▸ EXTRACTED MATERIAL:
%%

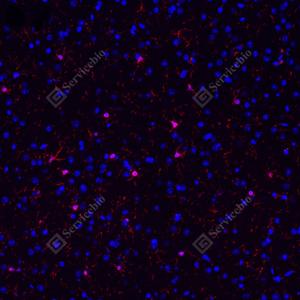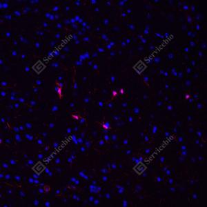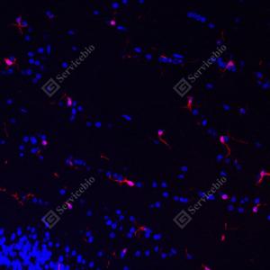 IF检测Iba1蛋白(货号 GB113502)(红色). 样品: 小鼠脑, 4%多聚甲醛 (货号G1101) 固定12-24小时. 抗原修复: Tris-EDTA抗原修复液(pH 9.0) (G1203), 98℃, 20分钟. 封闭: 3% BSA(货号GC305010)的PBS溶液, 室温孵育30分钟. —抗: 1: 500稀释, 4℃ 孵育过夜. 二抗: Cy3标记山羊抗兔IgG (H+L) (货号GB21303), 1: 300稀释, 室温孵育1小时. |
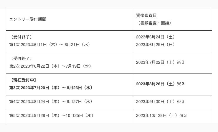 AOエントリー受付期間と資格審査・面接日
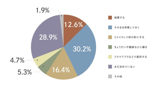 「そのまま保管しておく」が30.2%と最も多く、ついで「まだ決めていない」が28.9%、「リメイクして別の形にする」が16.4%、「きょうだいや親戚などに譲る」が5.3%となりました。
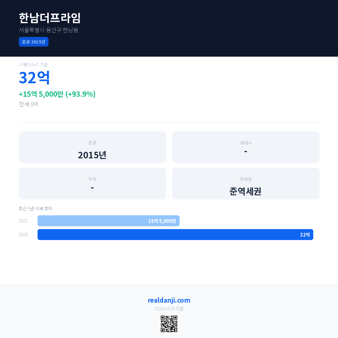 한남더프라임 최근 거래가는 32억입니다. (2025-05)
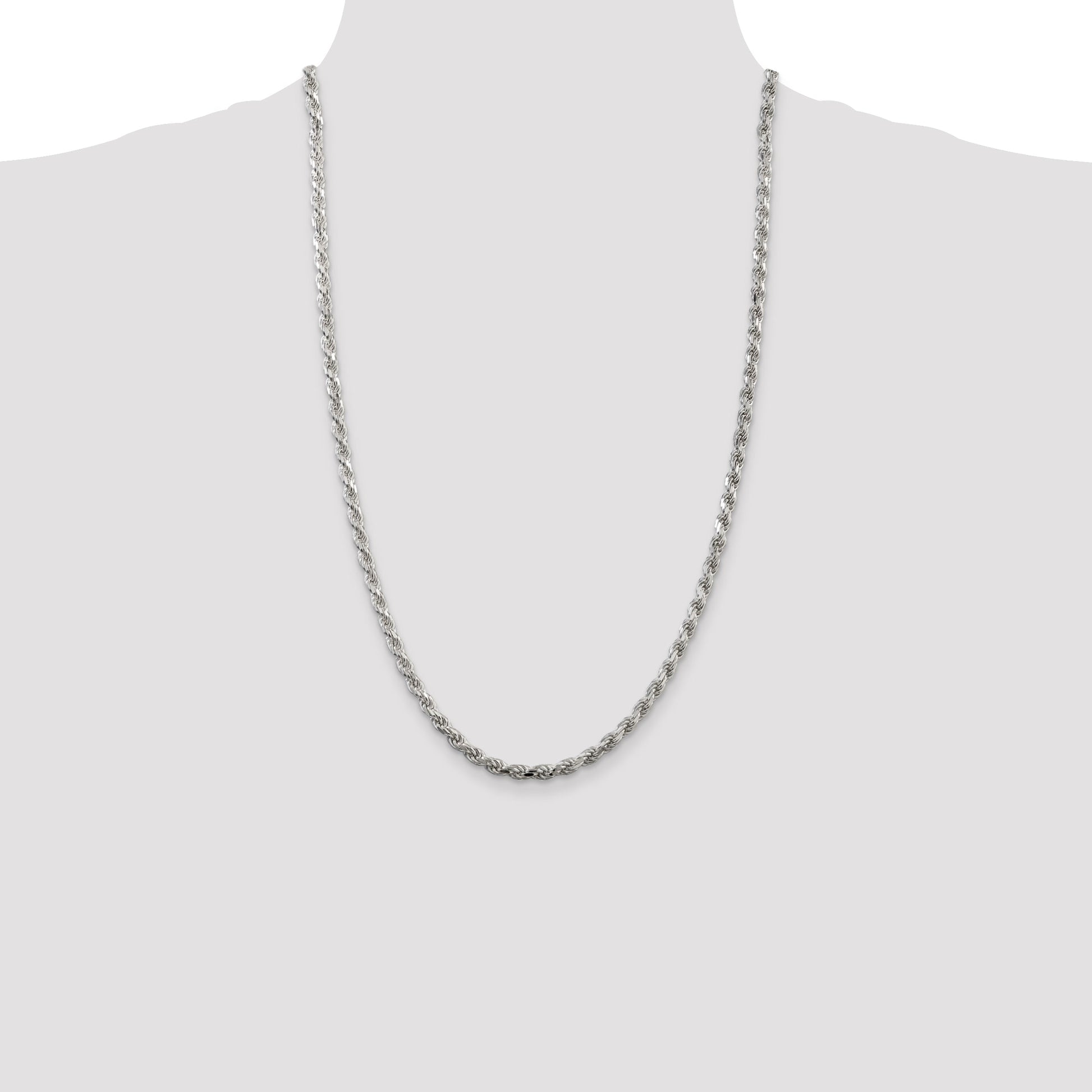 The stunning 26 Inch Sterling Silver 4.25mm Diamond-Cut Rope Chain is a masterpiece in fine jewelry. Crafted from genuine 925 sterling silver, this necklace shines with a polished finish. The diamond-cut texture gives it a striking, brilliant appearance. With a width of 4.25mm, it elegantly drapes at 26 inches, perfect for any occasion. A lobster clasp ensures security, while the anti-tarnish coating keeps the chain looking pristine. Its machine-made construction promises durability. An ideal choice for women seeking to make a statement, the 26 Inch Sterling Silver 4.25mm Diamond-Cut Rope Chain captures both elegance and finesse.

%%
%%

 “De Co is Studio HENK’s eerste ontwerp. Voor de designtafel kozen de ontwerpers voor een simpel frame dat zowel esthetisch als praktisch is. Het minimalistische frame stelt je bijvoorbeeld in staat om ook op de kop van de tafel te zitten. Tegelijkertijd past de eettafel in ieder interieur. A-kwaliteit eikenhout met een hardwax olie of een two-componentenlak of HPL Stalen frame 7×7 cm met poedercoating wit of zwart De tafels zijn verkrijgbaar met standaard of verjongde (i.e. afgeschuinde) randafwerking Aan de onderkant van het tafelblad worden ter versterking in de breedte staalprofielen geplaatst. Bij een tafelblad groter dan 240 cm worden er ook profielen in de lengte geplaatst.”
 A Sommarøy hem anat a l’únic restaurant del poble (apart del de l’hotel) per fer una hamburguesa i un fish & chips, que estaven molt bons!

%%
%%

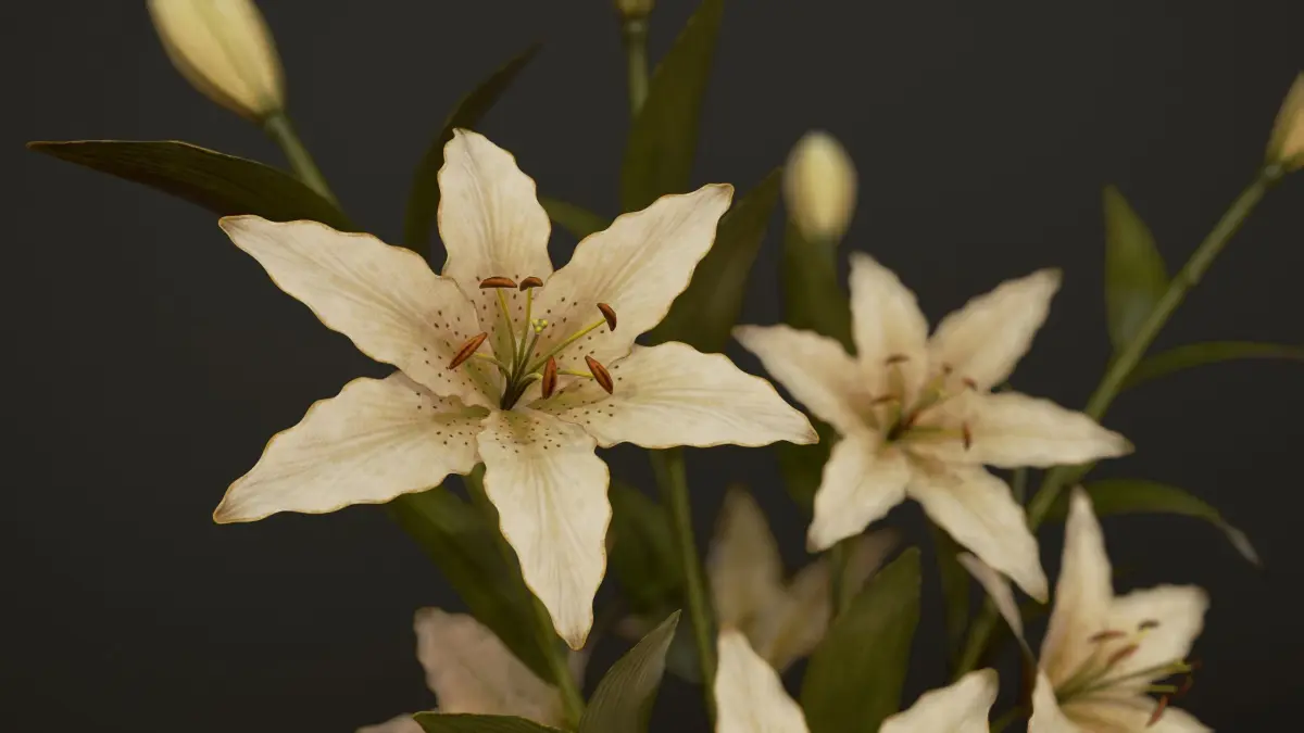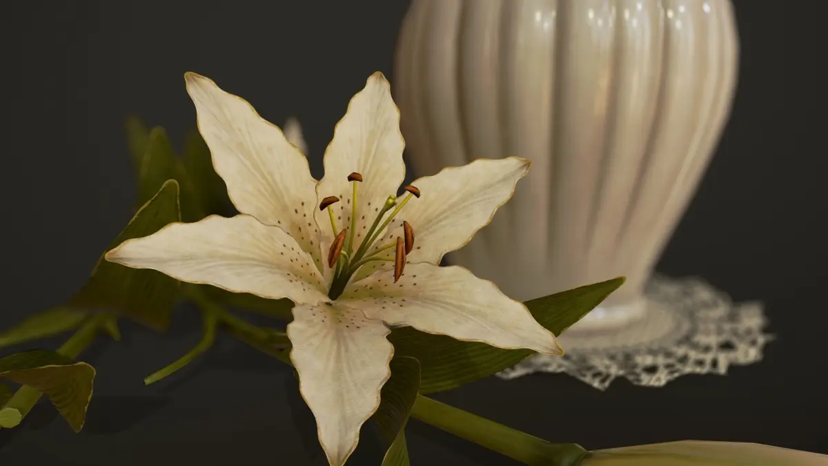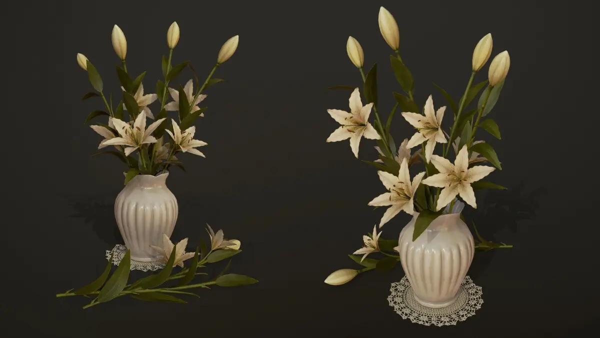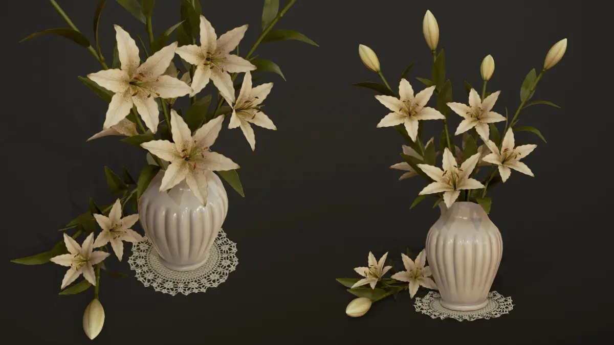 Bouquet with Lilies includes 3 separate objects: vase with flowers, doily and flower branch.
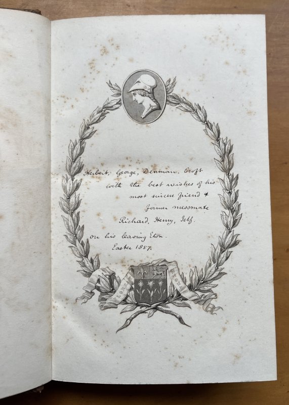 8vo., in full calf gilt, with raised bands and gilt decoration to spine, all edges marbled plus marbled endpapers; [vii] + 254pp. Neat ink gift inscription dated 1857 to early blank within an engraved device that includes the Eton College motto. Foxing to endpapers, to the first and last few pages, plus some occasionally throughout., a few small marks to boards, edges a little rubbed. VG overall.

%%

▸ ASSIGNED TASK:
Using the data above, retype exactly and only the lines from the one containing "Bouquet with Lilies" up to and including the one containing "8vo., in full", with no pictures carried over.

▸ RESULT OF THE EXERCISE:
 Bouquet with Lilies includes 3 separate objects: vase with flowers, doily and flower branch.
 8vo., in full calf gilt, with raised bands and gilt decoration to spine, all edges marbled plus marbled endpapers; [vii] + 254pp. Neat ink gift inscription dated 1857 to early blank within an engraved device that includes the Eton College motto. Foxing to endpapers, to the first and last few pages, plus some occasionally throughout., a few small marks to boards, edges a little rubbed. VG overall.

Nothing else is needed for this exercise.